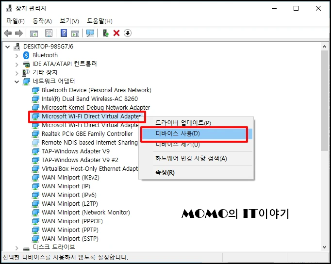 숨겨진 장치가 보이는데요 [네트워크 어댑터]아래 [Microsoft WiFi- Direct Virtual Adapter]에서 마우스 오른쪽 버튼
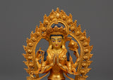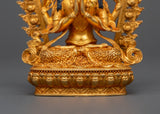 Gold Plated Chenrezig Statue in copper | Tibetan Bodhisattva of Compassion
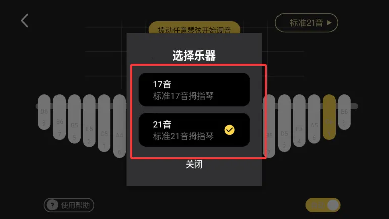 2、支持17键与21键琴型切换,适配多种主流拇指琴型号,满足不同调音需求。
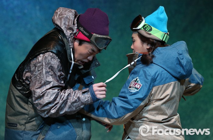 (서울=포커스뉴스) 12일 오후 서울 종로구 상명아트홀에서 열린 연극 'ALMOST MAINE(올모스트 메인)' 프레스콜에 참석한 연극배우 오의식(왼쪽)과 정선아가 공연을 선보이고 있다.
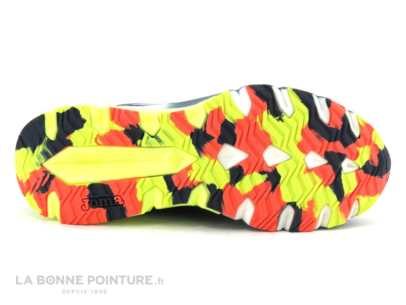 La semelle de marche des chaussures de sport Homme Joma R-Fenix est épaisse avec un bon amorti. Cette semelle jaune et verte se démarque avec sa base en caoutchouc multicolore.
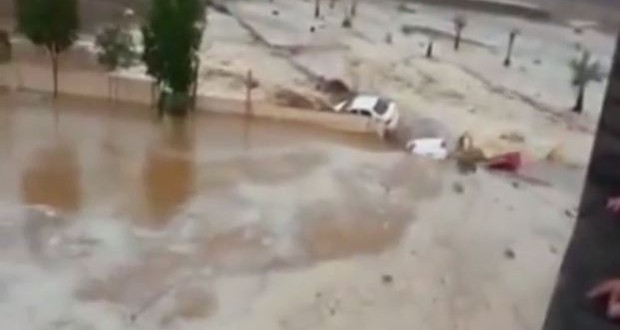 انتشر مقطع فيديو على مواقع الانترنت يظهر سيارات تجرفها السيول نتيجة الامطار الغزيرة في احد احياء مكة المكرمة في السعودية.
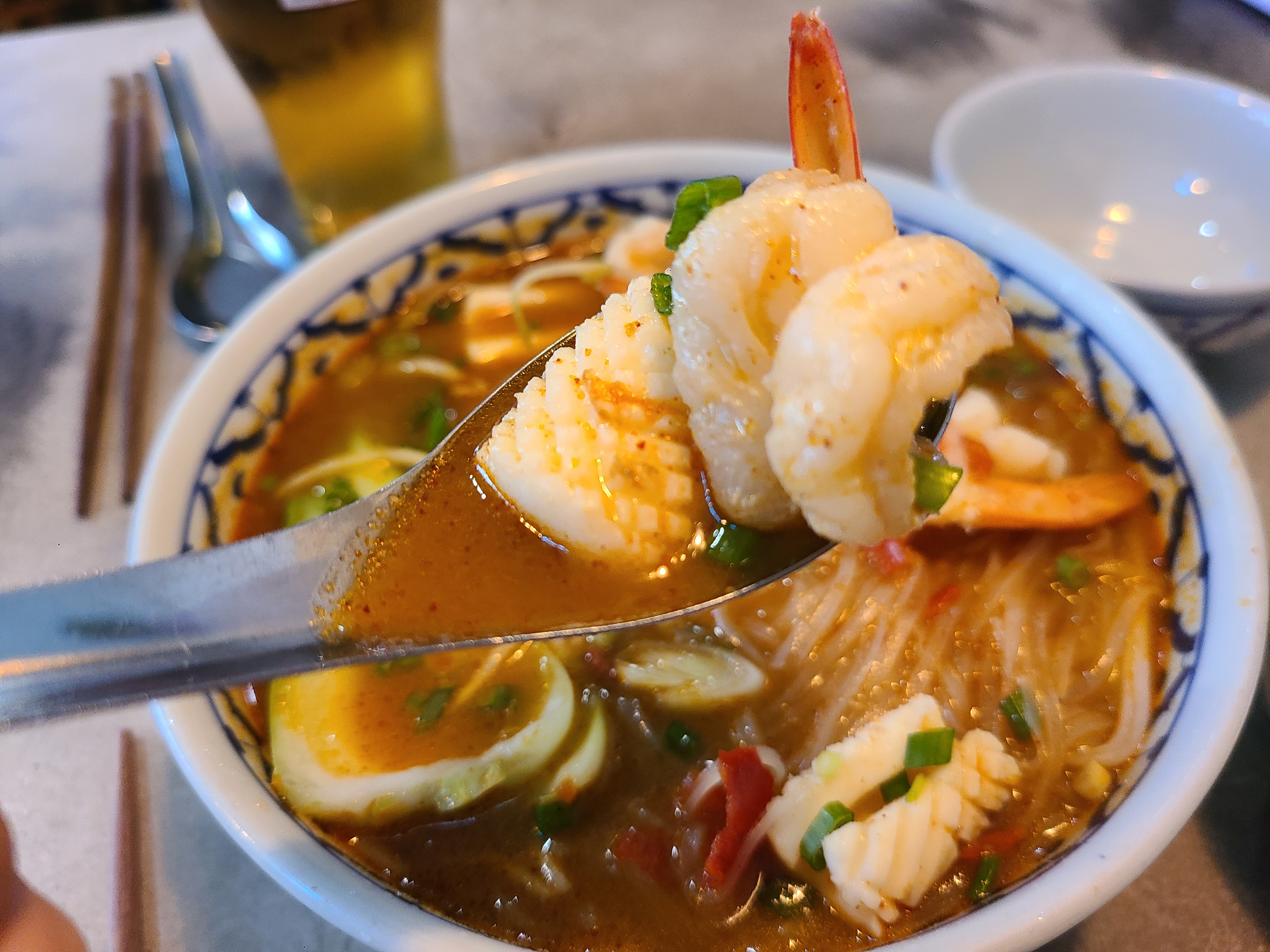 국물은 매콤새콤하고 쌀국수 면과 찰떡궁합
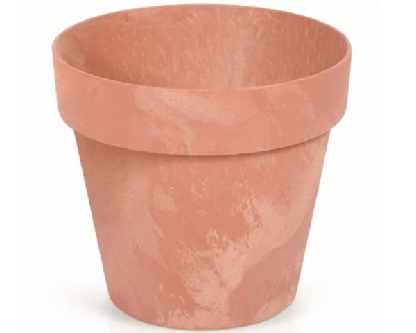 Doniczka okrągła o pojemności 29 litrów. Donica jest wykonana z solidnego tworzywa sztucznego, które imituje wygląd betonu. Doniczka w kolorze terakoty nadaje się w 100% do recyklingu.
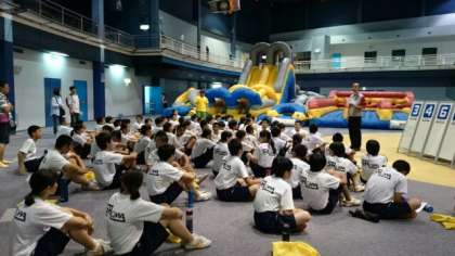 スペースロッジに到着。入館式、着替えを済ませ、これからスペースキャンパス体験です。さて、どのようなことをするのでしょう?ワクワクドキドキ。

▶ **WHAT THE TASK REQUIRES**
Exactly as they appear above, print all the lines, but not the pictures.

▶ **RESPONSE TO THE EXERCISE**
 숨겨진 장치가 보이는데요 [네트워크 어댑터]아래 [Microsoft WiFi- Direct Virtual Adapter]에서 마우스 오른쪽 버튼
 Gold Plated Chenrezig Statue in copper | Tibetan Bodhisattva of Compassion
 2、支持17键与21键琴型切换,适配多种主流拇指琴型号,满足不同调音需求。
 (서울=포커스뉴스) 12일 오후 서울 종로구 상명아트홀에서 열린 연극 'ALMOST MAINE(올모스트 메인)' 프레스콜에 참석한 연극배우 오의식(왼쪽)과 정선아가 공연을 선보이고 있다.
 La semelle de marche des chaussures de sport Homme Joma R-Fenix est épaisse avec un bon amorti. Cette semelle jaune et verte se démarque avec sa base en caoutchouc multicolore.
 انتشر مقطع فيديو على مواقع الانترنت يظهر سيارات تجرفها السيول نتيجة الامطار الغزيرة في احد احياء مكة المكرمة في السعودية.
 국물은 매콤새콤하고 쌀국수 면과 찰떡궁합
 Doniczka okrągła o pojemności 29 litrów. Donica jest wykonana z solidnego tworzywa sztucznego, które imituje wygląd betonu. Doniczka w kolorze terakoty nadaje się w 100% do recyklingu.
 スペースロッジに到着。入館式、着替えを済ませ、これからスペースキャンパス体験です。さて、どのようなことをするのでしょう?ワクワクドキドキ。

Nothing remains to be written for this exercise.